Several different robe à la française dresses from the Philadelphia Museum of Art, LACMA, Toronto: Royal Ontario Museum, and The Met respectively
In the pictures above, you can see the difference in the silhouettes of the dresses from the 1760s and 1740s respectively. The 1750s dress has a much rounder, bell-shaped skirt, while the dress from the 1740s has a more rectangular silhouette. The rectangular silhouette would not disappear for the rest of the century, and can be seen again in the 1770-80s and in court dress throughout the 18th century. Not all of this kind of dress would be white, I just found ones in those colors for the sake of comparing them to Roan’s outfit.
DRESSED TO THE NINES—OR THE EIGHTIES
Webb states that Roan’s Tiny Desk Concert outfit was a modern take on an 80s prom dress. Both Roan and Webb are fans of Betsey Johnson, a designer who rose to popularity in the 60s through the 90s, and whose clothes are still sold today. In fact, the exact dress can still be found for sale on second-hand websites like Poshmark and eBay. The look itself incorporates popular trends from the 80s, such as bold colors and an overall attitude of “bigger is better!”. Roan’s look is complete with a large wig, drag-inspired makeup, and cigarettes in her hair.

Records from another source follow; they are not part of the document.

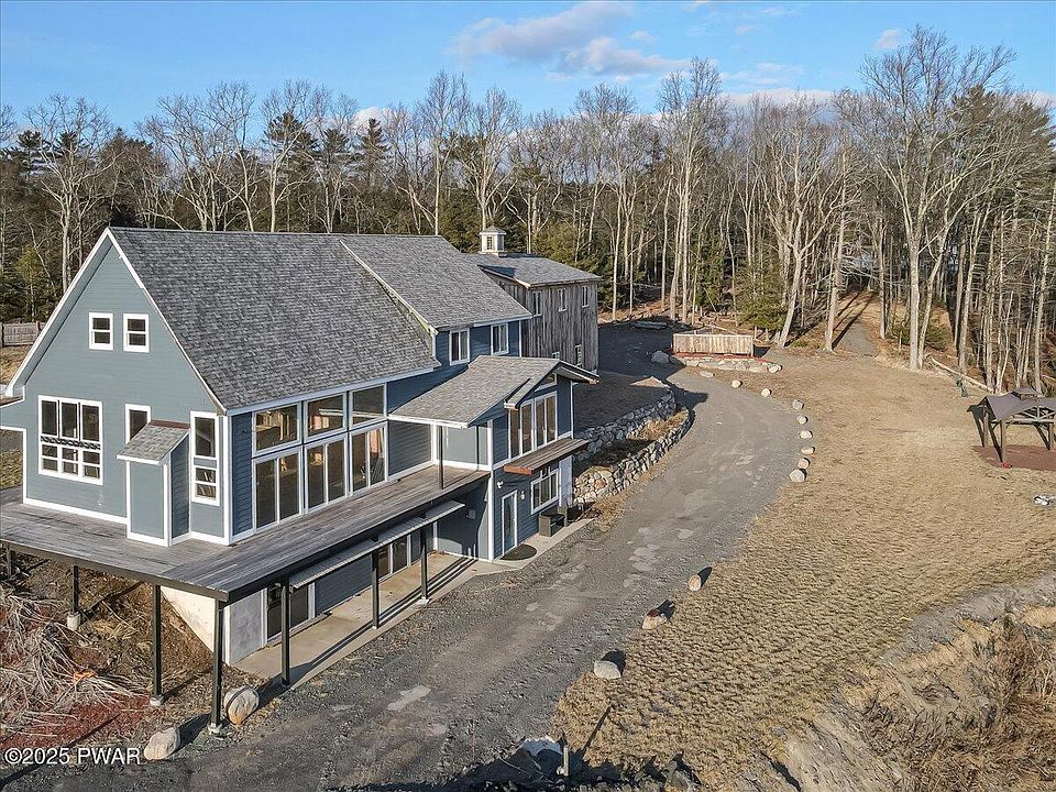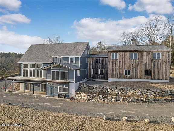 Enjoy SPECTACULAR VIEWS of Milford from this Mountain top home. This two family dwelling and its 15+ acres provide seclusion and privacy while being only minutes from the Historic Borough of Milford. The downstairs residence is fully completed with 3 bedrooms, a full bath and laundry room, kitchen and a living room with fireplace. The upper floors make up the second residence and are ready to be customized and finished by the buyer. When completed the three bedroom, 2.5 bath home will provide approximately 3000 square feet of living area with AMAZING VIEWS of the surrounding area including Grey Towers. The huge, attached, two story garage has an upper level ideal for a workshop or studio. Outside there is a small pond, multiple sheds and areas for gardening. The huge generator makes living on this mountain top self sustaining. It's all less than two hours from Manhattan!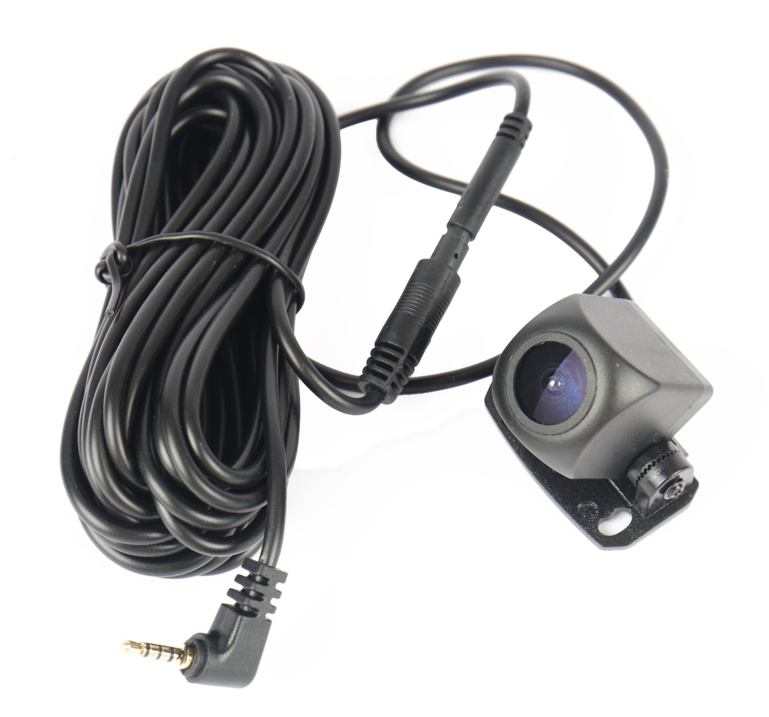 Камера заднего вида подключается к креплению регистратора кабелем длиной 5,5 метра с четырехконтактным миниджеком. В полуметре от камеры на проводе есть разъемное соединение.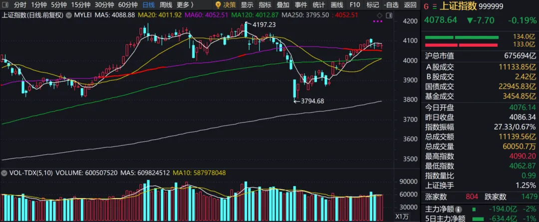 盘面特征:上证在4050-4080点一带窄幅整理,煤炭、燃气、氦气防御板块维持相对热度,但板块内部分化加剧,中小盘股继续承压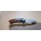 Magnifique couteau lame en damas et manche en loupe de noyer autre essence de bois que ne connais pas.
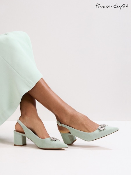 أخضر - حذاء بكعب عريض لامع من Phase Eight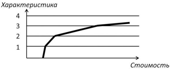 Следует принимать во внимание, что каждое конкретное решение имеет свою «стоимость» в части объема затрат на реализацию. Схематично можно выделить четыре фазы зависимости «характеристика – ресурсы» (рис. 10). Здесь под стоимостью понимаются затраты любого ресурса (не только финансового).

80’s fashion itself also incorporates trends from the 40’s, which can be seen in this dress with its fitted, sleeveless bodice (something that was new to the 40’s and very different from the dresses of the 20’s and 30’s) and sweetheart neckline.
SWAN LAKE
While performing and being interviewed on The Tonight Show, Roan wore matching black and white swan outfits, a la Tchaikovsky’s Swan Lake ballet. Feathers, of course, have been used throughout history in jewelry to hats to decoration on dresses, but these two outfits are reminiscent of 1920s theater costumes and late 90’s to early 2000s haute couture.
Roan’s “black swan” outfit incorporated some trends we see being popularized in the 20s, such as a handkerchief (ruffled or draped) hemline and a slim, boyish silhouette for the dress.
The white swan look pulls from more traditional ballet silhouettes with its tutu and sweetheart neckline. The headpiece is reminiscent of the same one worn on the cover of “Good Luck, Babe!”.
A few pieces from 90’s runway fashion in the same stylistic vein as the two swan outfits.
In conclusion, Roan’s outfits are inspired from many different time periods and historical fashion trends such as medieval hennin and 18th century robe à la française gowns. By blending both modern and historical fashion, Roan and Webb have created a recognizable and unique style for Roan that has already proven itself to be well-known and influential in pop culture.